Intermediate Risk 0 .
High Risk 1 Site 3
Where each patient is listed with the risk classification they have been assigned to (variable 'Category'), an indicator variable that shows whether or not they received a test (variable 'test' where '1'=received test and '0'=did not receive test) and, if they received a test, where that test took place (variable 'test_location').
I want to create a bar graph with the categories on the x axis and the yaxis showing the percentage of patients who got a test (test=1), and then each bar shaded to show the composition of patients who got a test in each category for location (ie: how many tests occurred in Site 1, 2 and 3).
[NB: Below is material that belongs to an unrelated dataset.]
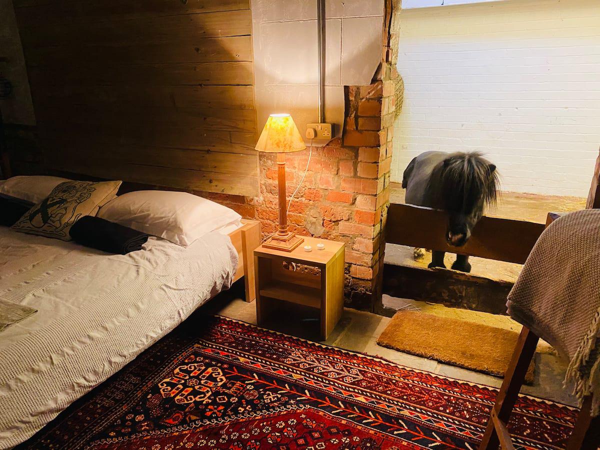 A fost foarte la modă în ultimii 10 ani transformarea hambarelor în cabane sau căsuțe, dar... cu animale în interior? Această cazare Airbnb este destinată exclusiv marilor iubitori de animale, deoarece trebuie să împărțim hambarul frumos convertit cu Basil, un mini ponei de 10 ani. Ciudata cazare aflată la o fermă din Nottinghamshire are 4 locuri și este recomandată mai ales familiilor cu copii mici, ai căror părinți vor să le arate frumusețile vieții rurale. O noapte de cazare costă 200 de dolari.

I have the below code, but it is not giving me the percentages that I want. It gives me a pct_col output of test*category, and I want pct_row. In other words, I want the y axis to measure the percentage of patients with testing out of the total number of patients in each category, not out of all patients who receiving testing in any category like it is giving me.
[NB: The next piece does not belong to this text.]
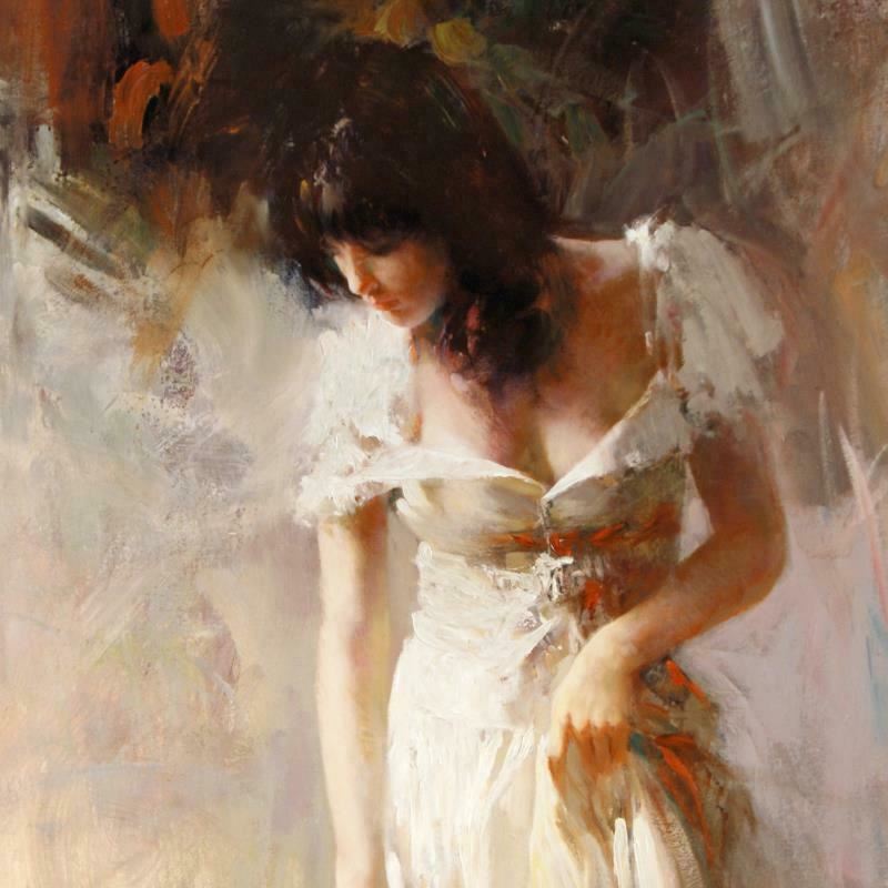 White Rhapsody by Pino (1939-2010). "White Rhapsody" is an artist embellished limited edition giclee on canvas by Pino (1939-2010), PP Numbered and hand signed by the artist. Includes Certificate of Authenticity. Measures approx. 30" x 40" (image). This piece is not stretched.

Example of what I want: In the dummy dataset below, for high risk patients, for example, I want a bar that shows 75% (12 patients with tests out of the total 16 high risk patients) received tests, and then have the bar shaded to show 41.66% of those test were at Site 1, 33.34% at Site 2 and 25% at Site 3. And so on for the intermediate and low risk categories. If there is a way to label the subsections with the exact percentages, that would be great too.
Dummy data set:
data test;
infile datalines missover;
input ID Category $ Test Test_location $;
datalines;
1 High 1 Site_1
2 High 1 Site_1
3 High 1 Site_1
4 High 1 Site_1
5 High 1 Site_1
6 High 1 Site_2
7 High 1 Site_2
8 High 1 Site_2
9 High 1 Site_2
10 High 1 Site_3
11 High 1 Site_3
12 High 1 Site_3
13 High 0
14 High 0
15 High 0
16 High 0
17 Intermediate 1 Site_1
18 Intermediate 1 Site_1
19 Intermediate 1 Site_2
20 Intermediate 0
21 Intermediate 0
22 Intermediate 0
23 Intermediate 0
24 Intermediate 0
25 Intermediate 0
26 Low 1 Site_1
27 Low 1 Site_1
28 Low 1 Site_1
29 Low 1 Site_2
30 Low 1 Site_2
31 Low 1 Site_2
32 Low 1 Site_3
33 Low 0
34 Low 0
35 Low 0
36 Low 0
37 Low 0
38 Low 0
;
Thank you!
EDIT;
Here is a sample graph of what I am looking to output in SAS (using the dummy data above):
Using this code:
proc sgplot data=test pctlevel=graph;
vbar category / response=test stat=percent
group=test_location groupdisplay=stack datalabel;
keylegend /title="Testing Location" position=bottom;
quit;
I get this output:
So what I have is not giving my the correct denominators for my percents. I also couldn't figure out a way to label the individual subsections of the graph like I have in my sample figure.
Thank you!
Upvotes: 3
Views: 4363
Reputation: 3136
You can get exactly what you want by using a bit of data step and some formatting. It would be a little bit different from your working code. As others have pointed out, there are many useful examples at Robert Allison's site.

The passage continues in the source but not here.